(Description of the task)
Make an exact copy of all the entries, with the pictures left out.

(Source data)
■ ■ ■ ■ ■ ■ ■
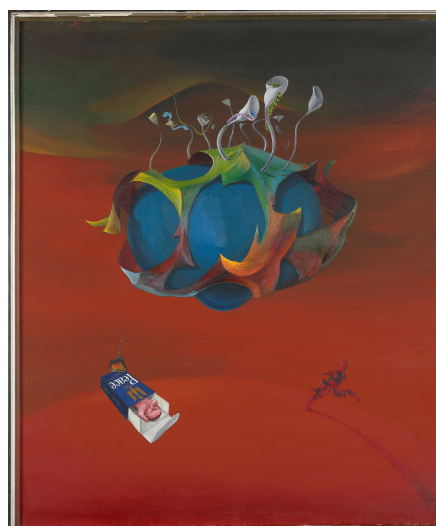
4. 梅田英俊 《Peace》 1966年 | 日本画廊蔵
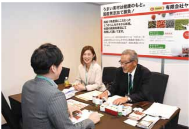
好評だった事業承継個別相談会
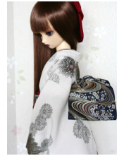
お文庫櫻に流水SD・13S D・DD共通サイズob-0083
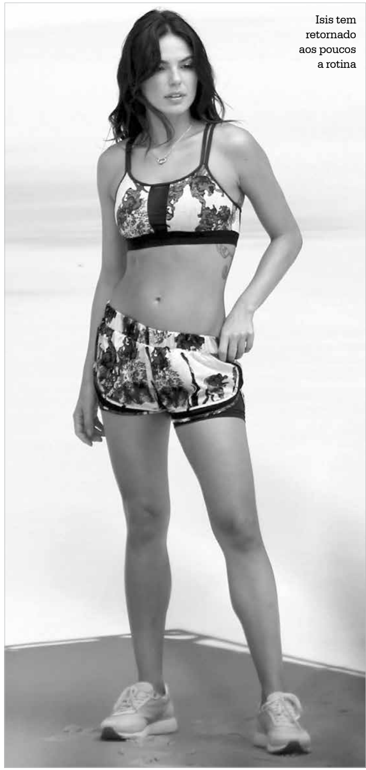
Isis tem retornado aos poucos a rotina
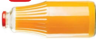
jus de fruits
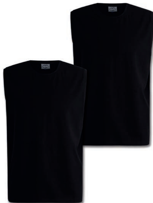
0077 black M - 10XL
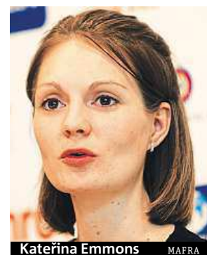
Kateřina Emmons

Olympijská vítězka Kateřina Emmons skončila při prvním startu ve Světovém poháru po mateřské pauze v Mnichově druhá ve střelbě ze vzduchové pušky. Třicetiletá střelkyně ve finále o pouhé tři desetiny bodu prohrála s Martinou Lindsay Velosovou, teprve patnáctiletou senzací ze Singapuru. Do osmičlenného finále postoupila Emmons ze čtvrtého místa a tam ve vyřazovací soutěži prošla až do duelu o titul. ČTK
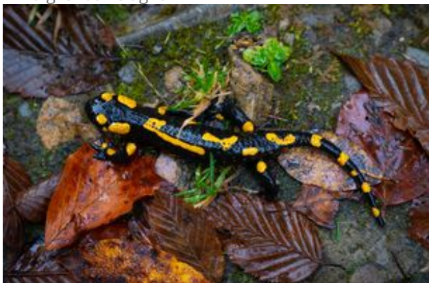
^ La salamandre tachetée
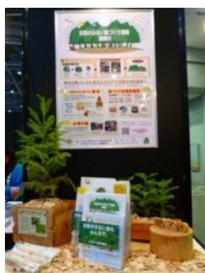
花粉の少ない森づくり PR 展示
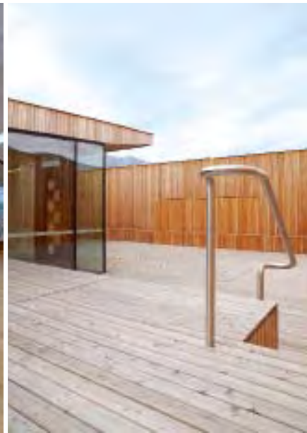
La terrazza sul tetto: in parte protetta e in parte con vista panoramica.
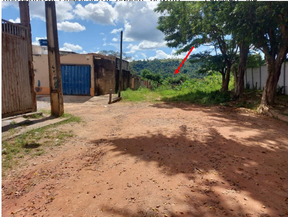
Foto 7: Seta indicando o local a ser instalada uma travessia em curso d'água no RioFormiga e também a estação elevatório de esgoto.
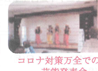
コロナ対策万全での芸能発表会

南ヶ丘2区では、10月18日(日)2区公民館集会所において「2区芸能発表会」を開催しました。今年はコロナ禍の影響で地域サークル活動をされている方々も、日頃の成果を発表する機会がないとの声をたくさん聴いておりましたので、何か皆さんの要望を叶える方法はないかと考えておりました。
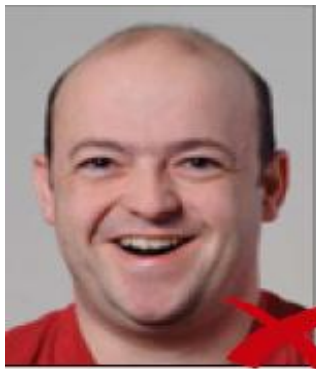
la bocca aperta
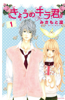
『きょうのキラ君』 みきもと 凜
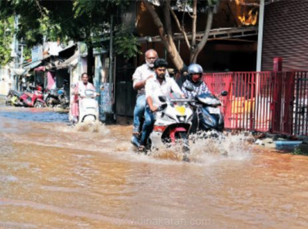
மழைநீர் தேங்கி நிற்கிறது. இதனால், பொதுமக்கள் பாதிக்கப்பட்டுள்ளனர். இந்நிலையில், நேற்று பெய்த மழையால் செல்லூர் பந்தல் குடியாக வாயில் நேற்று இரவு

மதுரை, அக். 24 தமிழ்நாட்டில் வடகிழக்கு பருவமழை தொடங்கி மதுரை உள்ளிட்ட தென்மாவட்டங்களில் தொடர்மழை பெய்து வருகிறது. இதனால், பல்வேறு இடங்களில் உள்ள கண்மாய்கள், ஊருணிகள் நிரம்பி வருகின்றன. மதுரை மாவட்டத்தை பொருத்தவரை கடந்த ஞாயிறுக்கிழமை இரவும், நேற்றும் நள்ளிரவில் பலத்த மழை கொட்டித் தீர்த்தது. இதனால், சாலைகளில் வெள்ளம் ஓடியது. தாழ்வான பகுதிகளில் தண்ணீர் தேங்கியது. குறிப்பாக மதுரையில் உள்ள செல்லூர் 50 அடி கோடு, சுயராஜ்ஜியபுரம் பகுதிகளில், பல்வேறு தெருக்களில் மழைநீர் தேங்கி நிற்கிறது.
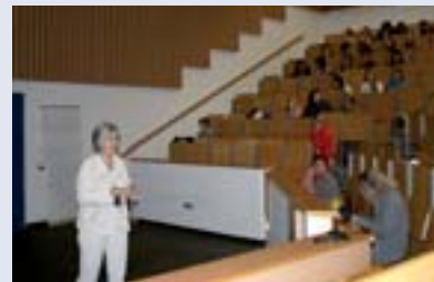
■ První přednáška se zaměřila na poruchy chování u psů

■ Vets for Pets neboli Zvěrolékaři pro domácí mazlíčky je název cyklu přednášek určených pro chovatelskou veřejnost domácích mazlíčků. První část cyklu zaměřená na nejlepšího přítele člověka proběhla pod názvem „Pes, člen rodiny a péče s ním spojená“ na Veterinární a farmaceutické univerzitě koncem června. Postupně se cyklus zaměří také na exotické ptáky, drobné savce, hady, plazy a jiná terarijní zvířata. Cyklus pořádá Institut celoživotního vzdělávání a informatiky.
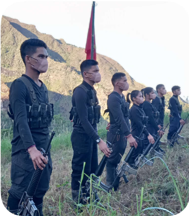
Mga manggugubat sa BHB gikan sa North Central Mindanao nakapormasyon aron mag-21-gun salute para kang Ka Joma

Imposibleng mapugngan sa reaksyunaryong estado ang pipila ka kadre sa PKP sa pagtuman gimbuhatong pang-ideolohiya. Sa paglabay sa mga tuig ug dekada, ubos sa pagdumala sa Revolutionary School of Mao Zedong Thought (Rebolusyonaryong Eskwelahan sa Panghunahunang Mao Zedong), nakahatag silag edukasyon sa mas daghang kadre ug
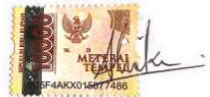
Alika Nur Izzati
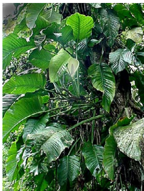
15 Monstera adansonii
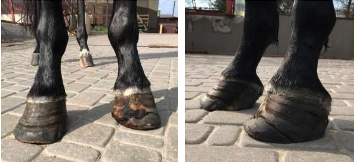
Рис. 14 – Вигляд копит передніх кінцівок станом на 19.04.2021 р.

Проте, виникла деформація стінки копита, що вплинуло на ступінь кульгання, яке залишилося без видимої позитивної динаміки: тварина опирається на кінцівку обережно, особливо на твердій основі. Це свідчить про те, що больові відчуття після ламініту спостерігаються у тварини навіть після загоювання вражених частин капсули копита та копитної кістки. Причини такого больового синдрому виявити не вдалось. Можливо, больовий синдром є наслідком незворотних процесів у тканинах копита та його деформації.
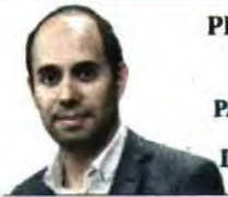
PEDRO FILIPE SOARES LÍDER PARLAMENTAR DO BLOCO DE ESQUERDA

Sabe quais são os crimes que mais matam em Portugal? Para não deixar a imaginação à solta em busca de respostas menos óbvias, vou diretamente aos factos: a violência doméstica é dos crimes que mais matam em Portugal. A morte de mulheres por violência doméstica é uma realidade aterradora no nosso país. A última década mostra a dimensão do flagelo, com mais de 400 mulheres mortas, como se pode constatar no relatório de 2016 do Observatório de Mulheres Assassinadas da União de Mulheres Alternativa e Resposta. É um assunto sério, muito sério. Este não é um assunto só de mulheres, tem de ser de todos nós.
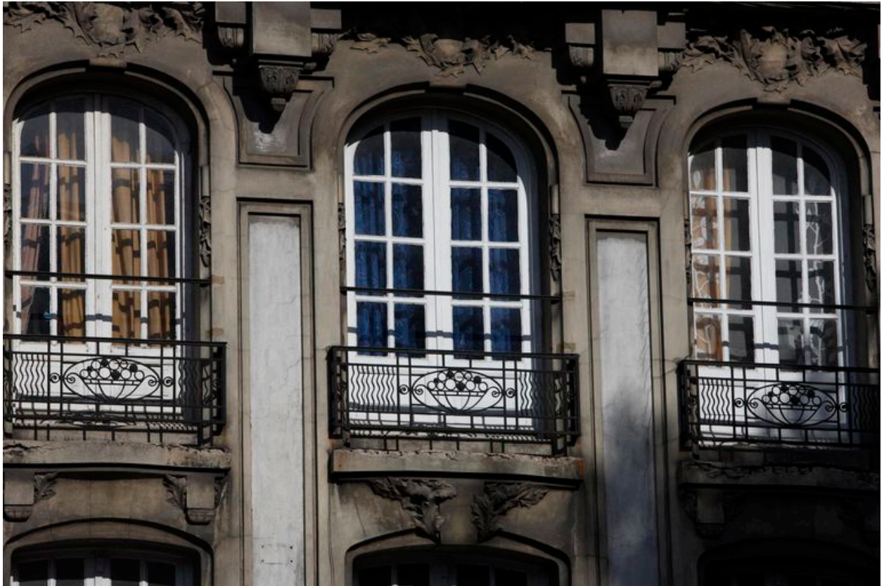
Détail d'un garde-corps au motif de panier stylisé.
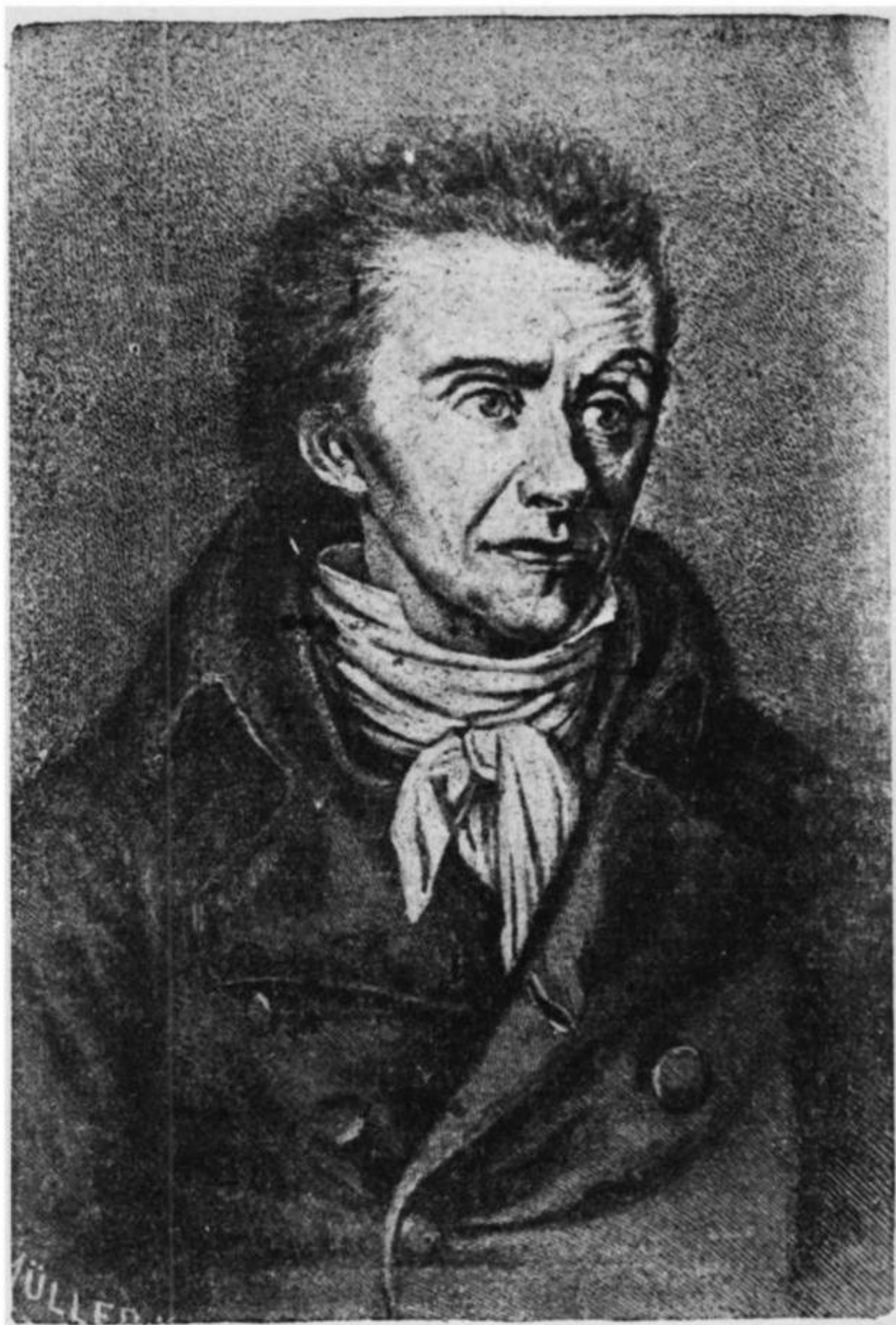
И. Г. Песталоцци в эпоху французской революции 1789 г.
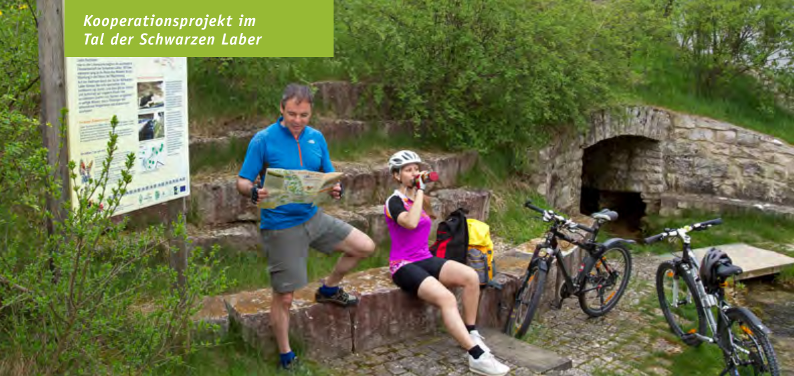
Radwandern liegt im Trend. Die neue Rad-Wander-Karte zeigt den Weg zu lohnenden Zielen entlang der Schwarzen Laber, hier die Quelle.
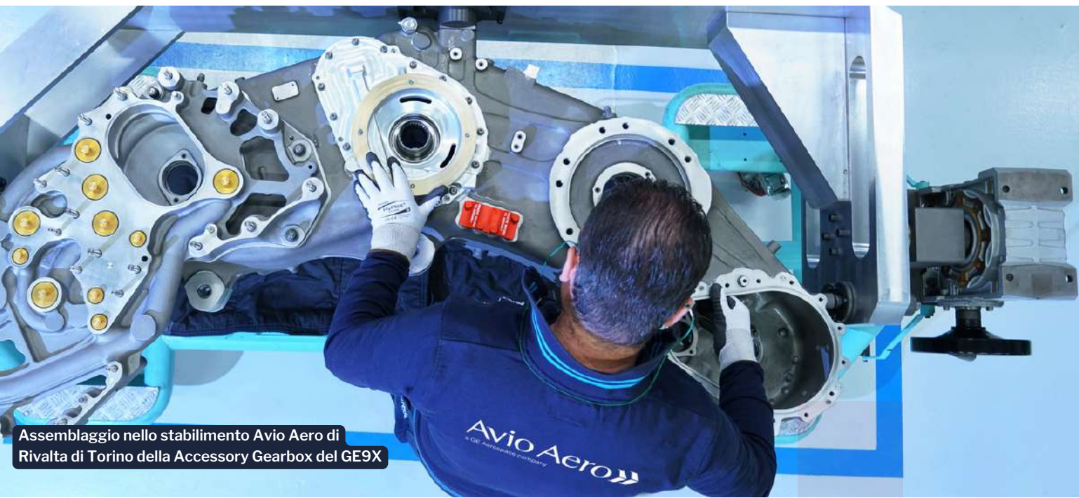
Assemblaggio nello stabilimento Avio Aero di Rivalta di Torino della Accessory Gearbox del GE9X

L'obiettivo di GE Aerospace è far sentire le persone "sempre a loro agio nel sollevare dubbi o esprimere dissenso, sia all'interno delle loro funzioni che attraverso la segnalazione di violazioni di policy tramite il nostro sistema di open reporting". Nel settore aerospaziale, inoltre, la compliance assume una connotazione specifica che va oltre il semplice rispetto delle leggi e dei regolamenti, poiché è strettamente correlata al concetto di sicurezza in un contesto normativo in rapida evoluzione.
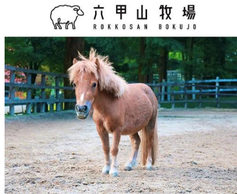
ミニチュアホースのサニーくん
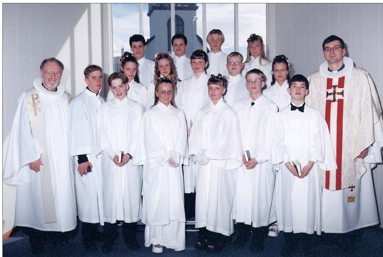
Fermingarbörn í Akraneskirku sunnudaginn 19. apríl 1998 kl. 10:30.
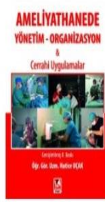
Ameliyathanede Yönetim Organizasyon Ve...
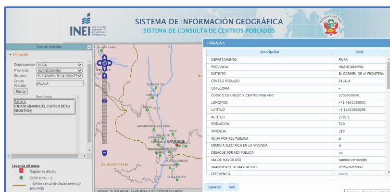
IMAGEN N° 01: CONSULTA DE UBIGEO DE CENTRO POBLADO EN DATA DEL INEI

Se deberá colocar el ubigeo de cada centro poblado del proyecto, según se muestra en la data del INEI. Para esto, se podrá acceder al sitio web: http://sige.inei.gob.pe/test/atlas/ .
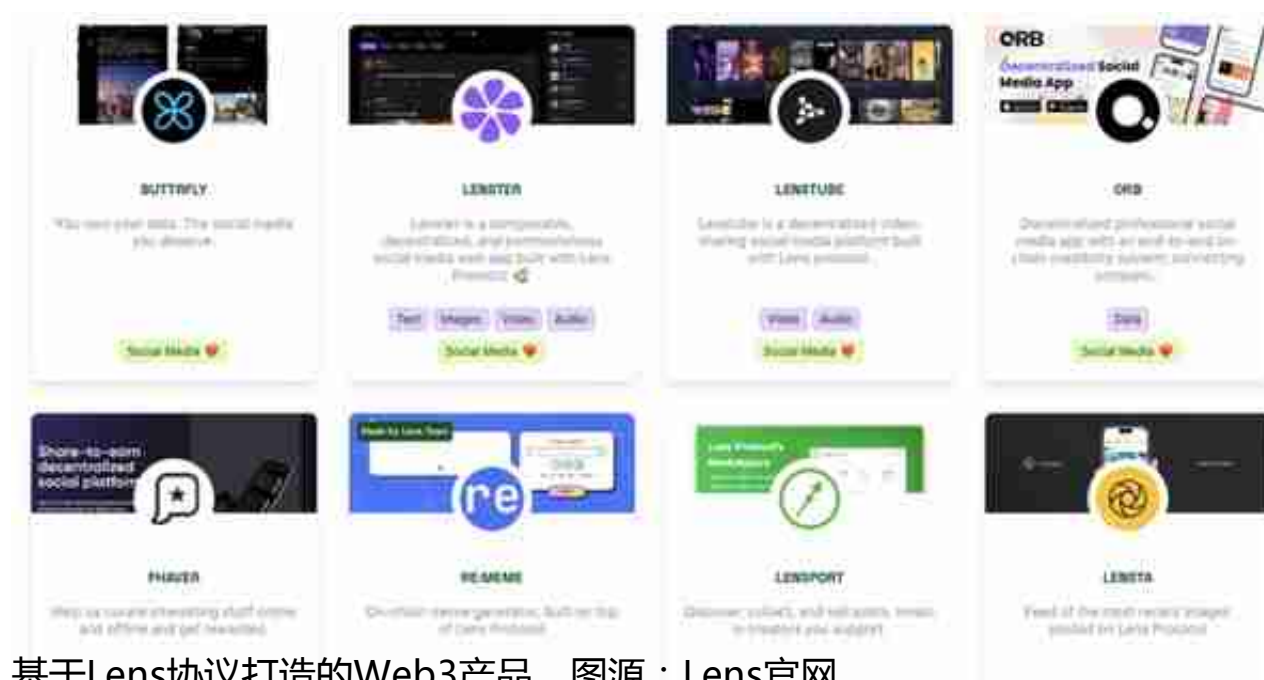
基于Lens协议打造的Web3产品。

另一个去中心化社交平台Mastodon则诞生得更早，于2016年推出，是一个自由开源的去中心化的微博客社交网络。它的功能和操作方式和Twitter相似，但整个网络以多个由不同运营者独立运作的服务器以联邦方式交换资料而组成，继而实现“去中心化”，被形容为“去中心化的Twitter替代品”。
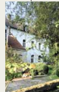
Maison du portier

→ Empruntez la route pavée qui traverse le site et passe entre les maisons du prieur et du meunier (P.XXX). Elle décrit ensuite une courbe devant l'étang du Moulin et vous ramène au point de départ.
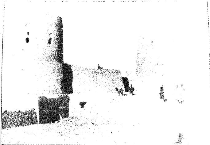
צנעא – שער חיזוני לרובע היהודי
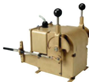
Servomoteur Réf. 6527
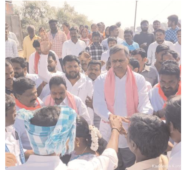
మహిళలు పెద్ద ఎత్తున పాల్గొన్నారు
■ ■ ■ ■ ■ ■ ■
(Response below)
4. 梅田英俊 《Peace》 1966年 | 日本画廊蔵
好評だった事業承継個別相談会
お文庫櫻に流水SD・13S D・DD共通サイズob-0083
Isis tem retornado aos poucos a rotina
jus de fruits
0077 black M - 10XL
Kateřina Emmons

Olympijská vítězka Kateřina Emmons skončila při prvním startu ve Světovém poháru po mateřské pauze v Mnichově druhá ve střelbě ze vzduchové pušky. Třicetiletá střelkyně ve finále o pouhé tři desetiny bodu prohrála s Martinou Lindsay Velosovou, teprve patnáctiletou senzací ze Singapuru. Do osmičlenného finále postoupila Emmons ze čtvrtého místa a tam ve vyřazovací soutěži prošla až do duelu o titul. ČTK
^ La salamandre tachetée
花粉の少ない森づくり PR 展示
La terrazza sul tetto: in parte protetta e in parte con vista panoramica.
Foto 7: Seta indicando o local a ser instalada uma travessia em curso d'água no RioFormiga e também a estação elevatório de esgoto.
コロナ対策万全での芸能発表会

南ヶ丘2区では、10月18日(日)2区公民館集会所において「2区芸能発表会」を開催しました。今年はコロナ禍の影響で地域サークル活動をされている方々も、日頃の成果を発表する機会がないとの声をたくさん聴いておりましたので、何か皆さんの要望を叶える方法はないかと考えておりました。
la bocca aperta
『きょうのキラ君』 みきもと 凜
மழைநீர் தேங்கி நிற்கிறது. இதனால், பொதுமக்கள் பாதிக்கப்பட்டுள்ளனர். இந்நிலையில், நேற்று பெய்த மழையால் செல்லூர் பந்தல் குடியாக வாயில் நேற்று இரவு

மதுரை, அக். 24 தமிழ்நாட்டில் வடகிழக்கு பருவமழை தொடங்கி மதுரை உள்ளிட்ட தென்மாவட்டங்களில் தொடர்மழை பெய்து வருகிறது. இதனால், பல்வேறு இடங்களில் உள்ள கண்மாய்கள், ஊருணிகள் நிரம்பி வருகின்றன. மதுரை மாவட்டத்தை பொருத்தவரை கடந்த ஞாயிறுக்கிழமை இரவும், நேற்றும் நள்ளிரவில் பலத்த மழை கொட்டித் தீர்த்தது. இதனால், சாலைகளில் வெள்ளம் ஓடியது. தாழ்வான பகுதிகளில் தண்ணீர் தேங்கியது. குறிப்பாக மதுரையில் உள்ள செல்லூர் 50 அடி கோடு, சுயராஜ்ஜியபுரம் பகுதிகளில், பல்வேறு தெருக்களில் மழைநீர் தேங்கி நிற்கிறது.
■ První přednáška se zaměřila na poruchy chování u psů

■ Vets for Pets neboli Zvěrolékaři pro domácí mazlíčky je název cyklu přednášek určených pro chovatelskou veřejnost domácích mazlíčků. První část cyklu zaměřená na nejlepšího přítele člověka proběhla pod názvem „Pes, člen rodiny a péče s ním spojená“ na Veterinární a farmaceutické univerzitě koncem června. Postupně se cyklus zaměří také na exotické ptáky, drobné savce, hady, plazy a jiná terarijní zvířata. Cyklus pořádá Institut celoživotního vzdělávání a informatiky.
Mga manggugubat sa BHB gikan sa North Central Mindanao nakapormasyon aron mag-21-gun salute para kang Ka Joma

Imposibleng mapugngan sa reaksyunaryong estado ang pipila ka kadre sa PKP sa pagtuman gimbuhatong pang-ideolohiya. Sa paglabay sa mga tuig ug dekada, ubos sa pagdumala sa Revolutionary School of Mao Zedong Thought (Rebolusyonaryong Eskwelahan sa Panghunahunang Mao Zedong), nakahatag silag edukasyon sa mas daghang kadre ug
Alika Nur Izzati
15 Monstera adansonii
Рис. 14 – Вигляд копит передніх кінцівок станом на 19.04.2021 р.

Проте, виникла деформація стінки копита, що вплинуло на ступінь кульгання, яке залишилося без видимої позитивної динаміки: тварина опирається на кінцівку обережно, особливо на твердій основі. Це свідчить про те, що больові відчуття після ламініту спостерігаються у тварини навіть після загоювання вражених частин капсули копита та копитної кістки. Причини такого больового синдрому виявити не вдалось. Можливо, больовий синдром є наслідком незворотних процесів у тканинах копита та його деформації.
PEDRO FILIPE SOARES LÍDER PARLAMENTAR DO BLOCO DE ESQUERDA

Sabe quais são os crimes que mais matam em Portugal? Para não deixar a imaginação à solta em busca de respostas menos óbvias, vou diretamente aos factos: a violência doméstica é dos crimes que mais matam em Portugal. A morte de mulheres por violência doméstica é uma realidade aterradora no nosso país. A última década mostra a dimensão do flagelo, com mais de 400 mulheres mortas, como se pode constatar no relatório de 2016 do Observatório de Mulheres Assassinadas da União de Mulheres Alternativa e Resposta. É um assunto sério, muito sério. Este não é um assunto só de mulheres, tem de ser de todos nós.
Détail d'un garde-corps au motif de panier stylisé.
И. Г. Песталоцци в эпоху французской революции 1789 г.
Radwandern liegt im Trend. Die neue Rad-Wander-Karte zeigt den Weg zu lohnenden Zielen entlang der Schwarzen Laber, hier die Quelle.
Assemblaggio nello stabilimento Avio Aero di Rivalta di Torino della Accessory Gearbox del GE9X

L'obiettivo di GE Aerospace è far sentire le persone "sempre a loro agio nel sollevare dubbi o esprimere dissenso, sia all'interno delle loro funzioni che attraverso la segnalazione di violazioni di policy tramite il nostro sistema di open reporting". Nel settore aerospaziale, inoltre, la compliance assume una connotazione specifica che va oltre il semplice rispetto delle leggi e dei regolamenti, poiché è strettamente correlata al concetto di sicurezza in un contesto normativo in rapida evoluzione.
ミニチュアホースのサニーくん
Fermingarbörn í Akraneskirku sunnudaginn 19. apríl 1998 kl. 10:30.
Ameliyathanede Yönetim Organizasyon Ve...
IMAGEN N° 01: CONSULTA DE UBIGEO DE CENTRO POBLADO EN DATA DEL INEI

Se deberá colocar el ubigeo de cada centro poblado del proyecto, según se muestra en la data del INEI. Para esto, se podrá acceder al sitio web: http://sige.inei.gob.pe/test/atlas/ .
基于Lens协议打造的Web3产品。

另一个去中心化社交平台Mastodon则诞生得更早，于2016年推出，是一个自由开源的去中心化的微博客社交网络。它的功能和操作方式和Twitter相似，但整个网络以多个由不同运营者独立运作的服务器以联邦方式交换资料而组成，继而实现“去中心化”，被形容为“去中心化的Twitter替代品”。
Maison du portier

→ Empruntez la route pavée qui traverse le site et passe entre les maisons du prieur et du meunier (P.XXX). Elle décrit ensuite une courbe devant l'étang du Moulin et vous ramène au point de départ.
צנעא – שער חיזוני לרובע היהודי
Servomoteur Réf. 6527
మహిళలు పెద్ద ఎత్తున పాల్గొన్నారు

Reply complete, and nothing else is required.